Index Tracker

Dhruva Reddy,

For context, this project was developed as part of an internship I was doing at the time but I thought it was incredibly useful just as a general tool for exploring financial market data and for custom portfolio generation. Here's a link (opens in a new tab) to the GitHub repo where I have my source code stored. I worked on this with my friend and colleague whose name I omitted for the sake of their privacy.

Inspiration

This project was heavily inspired by something I came across online from another GitHub repo by @pmaji (opens in a new tab). In an effort to recreate it I dove down the rabbit hole of R and RShiny's library of packages and functions.

Difficulties Encountered

At the time I was working on this, I think the R ecosystem was very different from what it is now. I remember trying to start up my code again a few months ago and having to update a lot of the packages because they were basically discontinued libraries. A couple of the packages that we referenced for this are still actively maintained and being developed.

  1. Cleaning Data

    This was a surprisingly difficult task. We actually ended up doing this manually because we simply couldn't figure out a way to

    My colleague and I grinded this out manually in excel where we used if-else statements to mark out gaps between indexes in the csv and remove those points across all the 11 indexes to standardize the number of data points in each index.

  2. Understanding data types in R

    I think for new users of R, the data types can be a little confusing. I remember first starting up the app and thinking I could do everything I wanted with the raw csv files. While that can be true (I think?), for the types of plotting we wanted to do, using the xts package and the zoo data type was the best way to go. This is essentially a wrapper object for time-series data that forces you to standardize your data in such a way that common library functions can be applied to it to get the plots that you need

  3. Deploying to RShiny

    RShiny is a wonderful library for building static web apps with R code. But it comes with its own set of difficulties. For instance, while it has some stylistic similarities to HTML, it is not HTML. So you can't just copy and paste HTML code to render the site the way you want.
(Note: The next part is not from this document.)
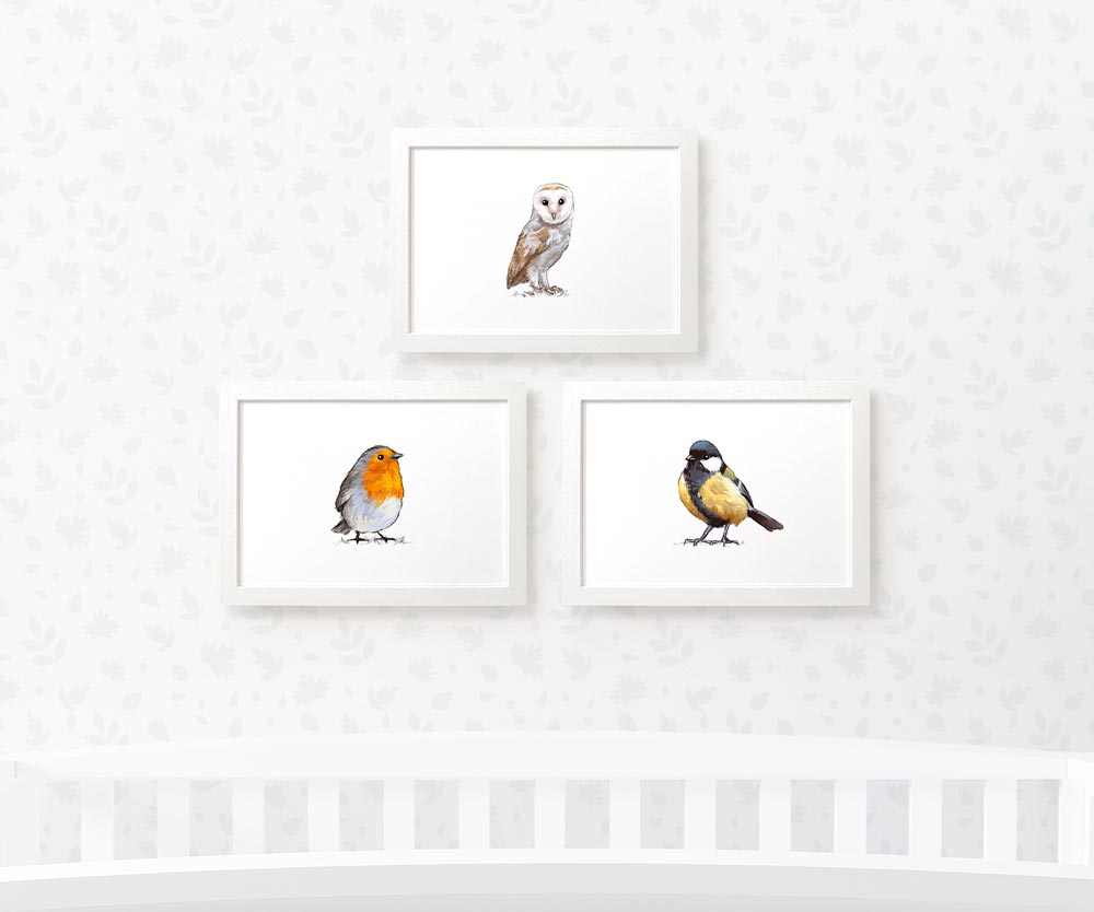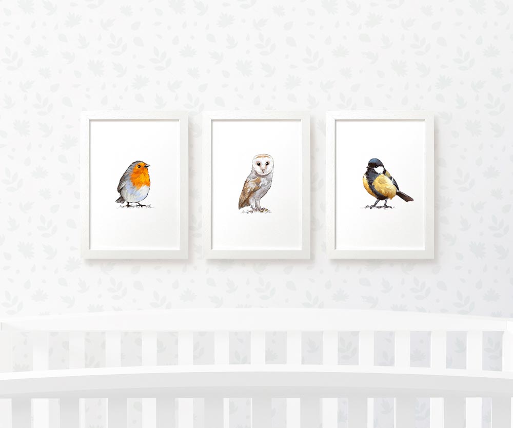 This gorgeous bird nursery set of 3 prints is the perfect gift for expecting parents or to welcome a new baby. Your set of prints will include a robin, barn owl, and great tit. Ideal as a first birthday gift or gender-neutral baby shower gift, these prints will complete your bird-themed baby room.

    RShiny apps (in general) consist of 3 main components:

    1. ui.R - This is where you define the layout of your app.
    2. server.R - This is where you define the logic of your app.
    3. app.R - This is where you define any global variables that you want to

    One can almost liken it to the MVC framework where we have a 'model' handling the data, a 'view' handling the layout and a 'controller' handling the logic. The app.R file is the 'controller' in this case, the ui.R file is the 'view' and the server.R file is the 'model'.

    Having a basic understanding of this will help you understand how to format your code and where calls are being made to functions and variables.

Demo

Here are some screenshots of interesting features we implemented in this portfolio tracker.

  1. Efficient Frontier

    This is a well documented plot in finance literature but essentially it is a plot of the maximal return you can achieve given a certain level of risk. The idea is that you want to be on the higher of the 2 intercepts of the y = (some risk level) line and the frontier. The faint black line on the chart represents your indicated target volatility. For the best risk-adjusted return, you want to be somewhere in the deep purple zone which indicates a higher sharpe ratio (opens in a new tab).
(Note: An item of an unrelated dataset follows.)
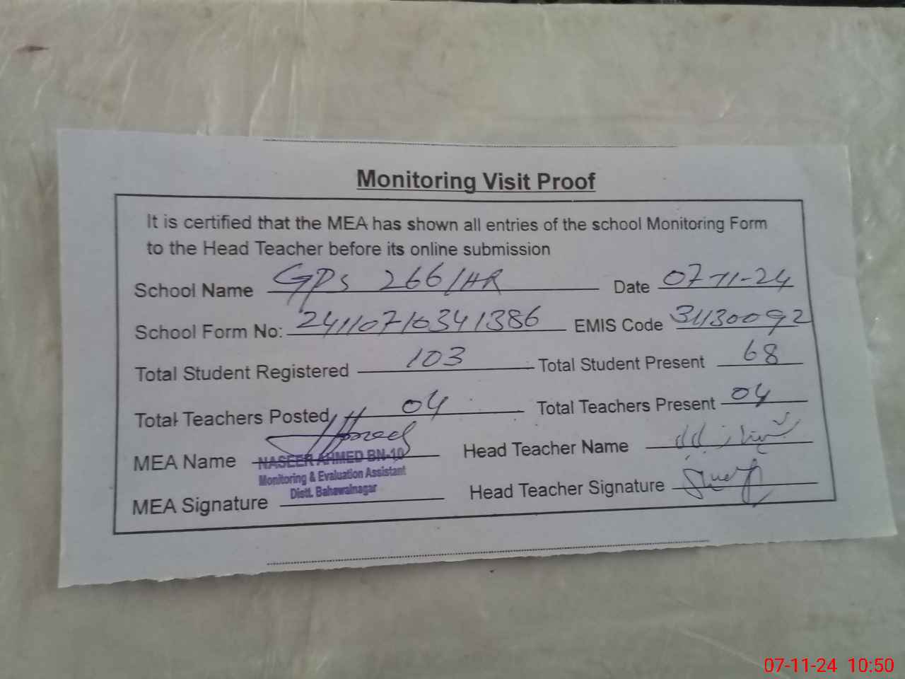 | Attendance Register | Head Teacher | MEA with School | Visit Proof |

    If you notice, our web app allows you to select the number of indices you want to include in your portfolio and declare your risk tolerance. The app will then compute the efficient market parabola given an equally weighted portfolio of these indices demo1

  2. Maximal Drawdown

    The following image shows the maximal drawdown of any 2 indices over a specified time window. It allows investors to visually observe if any indices have been more strongly correlated during periods of downturn and if they should be included in the same portfolio if diversification is the aim.

    demo2

  3. Custom Portfolio Generator

    This is kind of like a sandbox where you can play around with different combinations of indices and their weights in your own custom portfolio and track what their historical return would've been. While the past is not necessarily indicative of the future, it's just a fun tool for you to test certain theories or strategies.

    Imgur

Overall, this was a really fun project to do and I learned a lot about R and RShiny through this. Would I be do something like this again? Unlikely. But I think it's a good example of just trying something new and picking up some useful skills along the way.

As always I'm always open to feedback, comments or questions!